The last step also helped me to resolve long standing annoyances with the default CSS styles used by "Awesome Inc" Blogger theme. I put my CSS overrides into "Advanced > Add CSS" section in the theme editor.

BTW, I'm not exaggerating about the converted back HTML being "distilled". Blogger puts so much superfluous formatting that the size of a file containing a post from Blogger typically reduces by 25–50% after converting back and forth via Markdown!

Of course, the conversion isn't without flaws, and Markdown does in fact offer less formatting capabilities than Blogger. Let's consider the differences in detail.

Post links

I decided to use the same file structure for Markdown posts, this makes converting links easier. The conversion is needed because GitHub uses names of the Markdown files—md extension, while Blogger uses html. I made all the post links to be "site relative" (starting from /) so it doesn't matter where the page is actually hosted.

This way, a link to a previous post in Markdown looks like this:

[as shown in the previous post](/2019/06/previous-post.md)

and when "distilling" Markdown source to HTML I replace md with html.

Update Mar 28, 2021 I've noticed that Github now only replaces .md to .html extension in the links of the top-level README.md. So I have changed all other cross-references in posts to use .html:

[as recently shown in the previous post](/2019/06/previous-post.html)

This is even better as now there is no need to do the aforementioned replacement.

Pictures

There are a lot of pictures in this blog, I decided to leave them hosted on Blogger. The reason is that Blogger server can resize the picture to a smaller size from the parameters specified in the image URL. These smaller images are used for previews in the article. After clicking on the preview a full size picture is served. This is more efficient than serving a full picture only and sizing it down in the browser.

This approach also works when links to images host on Blogger are used in Markdown arcticle on GitHub. As I've figured out, GitHub in addition makes a copy of any externally hosted image for serving from its own CDN, so it really doesn't make sense to pull out images to GitHub manually.

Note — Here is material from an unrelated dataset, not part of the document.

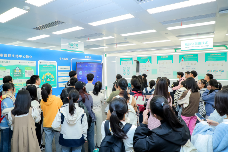 同学们参观健康管理支持中心模型的概念模型

One notable loss is that Markdown doesn't allow specifying alignment and interaction with text for pictures, so they are always aligned to the left and can't have text fills on the size.

Code

Up to the redesign Blogger wasn't offering dedicated code formatting. I used monospace font with non-breaking spaces for sequences of multiple spaces. While converting, I changed all those code fragments to use Markdown fenced code blocks.

Tables

Similar thing for tables. I used tabulated monospaced formatting. This wasn't super convenient. I converted these ersatz tables into Markdown tables which translate into actual HTML tables for Blogger. This looks better. The only inconvenience is that GitHub Markdown doesn't allow "headerless" tables.

Colors

Markdown doesn't have means for colorizing text. It's actually good for accessibility (think screen readers, color blind people), but I used to highlight text with colors when discussing graph. Now I will have to provide more annotations on the graph itself.

Miscellaneous

  1. In Markdown the header of the post is specified on the first line using # style (heading level 1). In Blogger the header stored separately.
  2. Special characters like "non-breaking space", "em dash" need to be written using corresponding Unicode characters in Markdown. Note that the sequence of three dashes --- is used in Markdown for horizontal breaks.

Writing a new post

I'm writing this post in Markdown and the life feels good. The only culprit is adding pictures. I still want them to be stored on Blogger. For example, I want to post an image of the same post in Blogger and on GitHub. Here is what I have to do. After preparing the image, I upload it to Blogger and insert into the post draft. Then I copy the link and transform it into Markdown link format. This is the result:

The GitHub mirror of this blog is now located here: https://mnaganov.github.io

Testimonials

Both Pandoc and grip are awesome tools that helped me a lot with converting my posts into Markdown and back into HTML. I highly recommend them for any document conversion work and Markdown authoring.

Saturday, May 2, 2020

Sennheiser Ambeo Headset Applications

As I have mentioned in the previous posts about optimizing audio in our Mercedes GLK, I used Sennheiser Ambeo Headset as a measurement device in the car. In this challenging acoustical environment it allowed to achieve better channel matching than a conventional measurement microphone. I decided to make a dedicated post about this headset because I've found some interesting applications for it.

Overview

I discovered this headset at the AES Headphones conference where it was used in conjunction with Magic Leap's One AR glasses. By the time when I decided to buy it for my experiments, Sennheiser had already abandoned its production. Nevertheless, it's still possible to buy leftovers from the stock and used gear.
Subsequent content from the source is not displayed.